• Task description:
Below this line is a set of entries; quote exactly the lines from the line that contains "Os materiais concretos" to the line that contains "Vibrant tropical leaf", both lines included.

BEGIN Input

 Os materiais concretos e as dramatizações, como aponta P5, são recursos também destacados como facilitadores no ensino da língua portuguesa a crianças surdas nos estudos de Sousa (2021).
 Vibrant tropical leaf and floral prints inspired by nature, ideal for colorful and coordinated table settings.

END Input
BEGIN Input

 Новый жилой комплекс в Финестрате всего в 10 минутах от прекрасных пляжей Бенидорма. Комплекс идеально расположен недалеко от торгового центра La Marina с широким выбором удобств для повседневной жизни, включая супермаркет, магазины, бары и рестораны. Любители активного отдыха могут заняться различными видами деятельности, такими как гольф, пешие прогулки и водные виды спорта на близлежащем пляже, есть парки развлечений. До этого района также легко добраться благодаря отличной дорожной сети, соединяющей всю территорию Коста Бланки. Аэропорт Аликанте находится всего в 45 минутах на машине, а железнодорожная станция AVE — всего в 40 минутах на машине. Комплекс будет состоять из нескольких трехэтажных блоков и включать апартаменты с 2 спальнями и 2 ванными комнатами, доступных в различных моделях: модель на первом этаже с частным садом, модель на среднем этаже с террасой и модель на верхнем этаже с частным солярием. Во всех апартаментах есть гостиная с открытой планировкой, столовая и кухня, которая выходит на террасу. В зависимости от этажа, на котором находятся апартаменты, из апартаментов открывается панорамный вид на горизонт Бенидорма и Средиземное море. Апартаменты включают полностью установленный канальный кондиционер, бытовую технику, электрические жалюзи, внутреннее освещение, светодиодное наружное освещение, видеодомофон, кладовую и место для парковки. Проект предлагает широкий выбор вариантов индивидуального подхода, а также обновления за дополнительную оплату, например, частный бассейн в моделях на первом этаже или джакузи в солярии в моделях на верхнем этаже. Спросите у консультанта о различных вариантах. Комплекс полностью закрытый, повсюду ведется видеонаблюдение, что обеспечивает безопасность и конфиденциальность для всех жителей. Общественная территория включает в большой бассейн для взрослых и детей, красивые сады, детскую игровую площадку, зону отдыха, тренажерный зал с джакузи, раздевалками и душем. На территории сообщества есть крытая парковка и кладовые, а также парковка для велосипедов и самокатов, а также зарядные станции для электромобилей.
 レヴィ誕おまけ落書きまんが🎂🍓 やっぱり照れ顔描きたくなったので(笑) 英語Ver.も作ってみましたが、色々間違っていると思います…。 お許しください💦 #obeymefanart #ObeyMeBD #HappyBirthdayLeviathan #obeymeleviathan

END Input
BEGIN Input

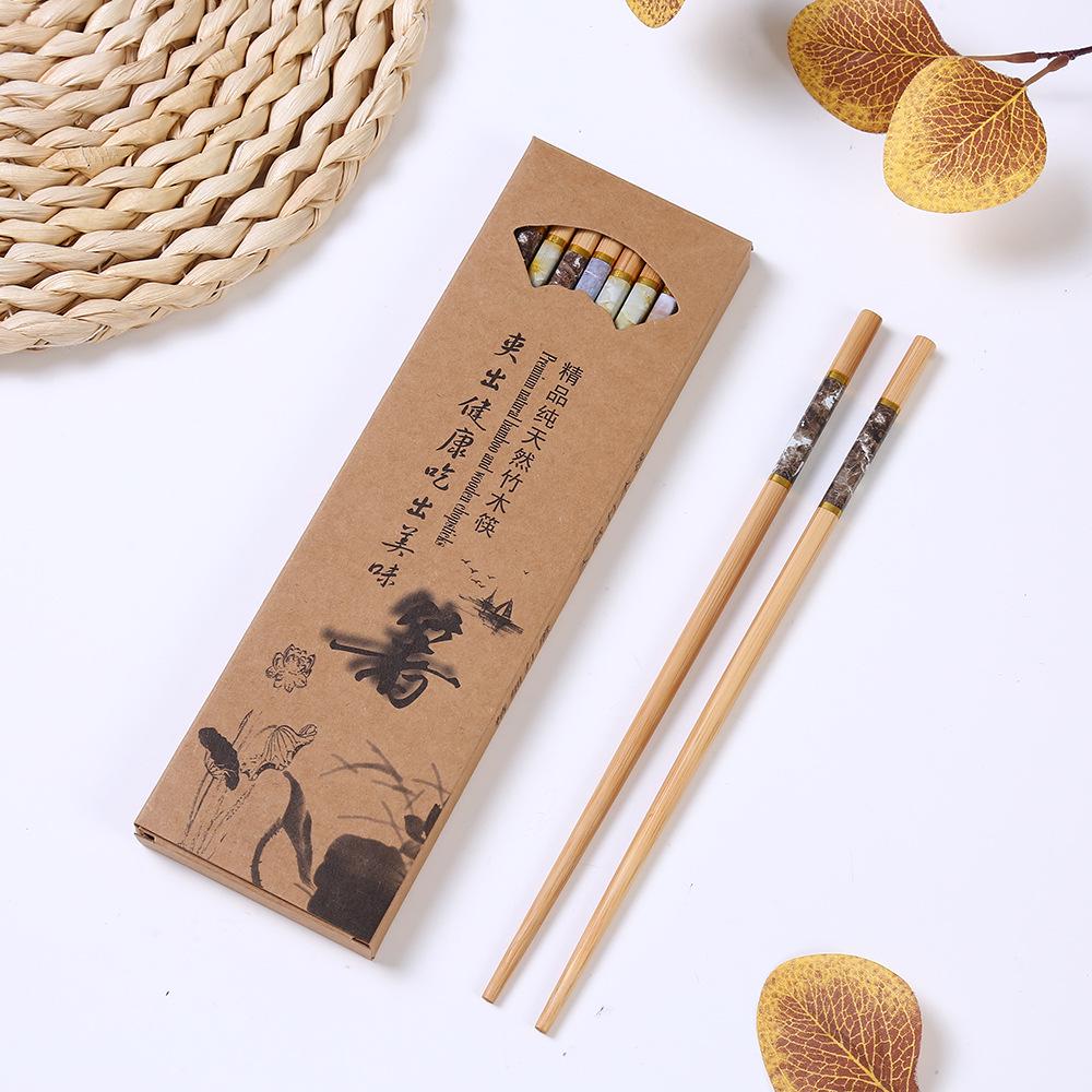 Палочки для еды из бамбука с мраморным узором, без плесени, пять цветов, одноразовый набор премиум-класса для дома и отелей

END Input

• Problem solution:
 Os materiais concretos e as dramatizações, como aponta P5, são recursos também destacados como facilitadores no ensino da língua portuguesa a crianças surdas nos estudos de Sousa (2021).
 Vibrant tropical leaf and floral prints inspired by nature, ideal for colorful and coordinated table settings.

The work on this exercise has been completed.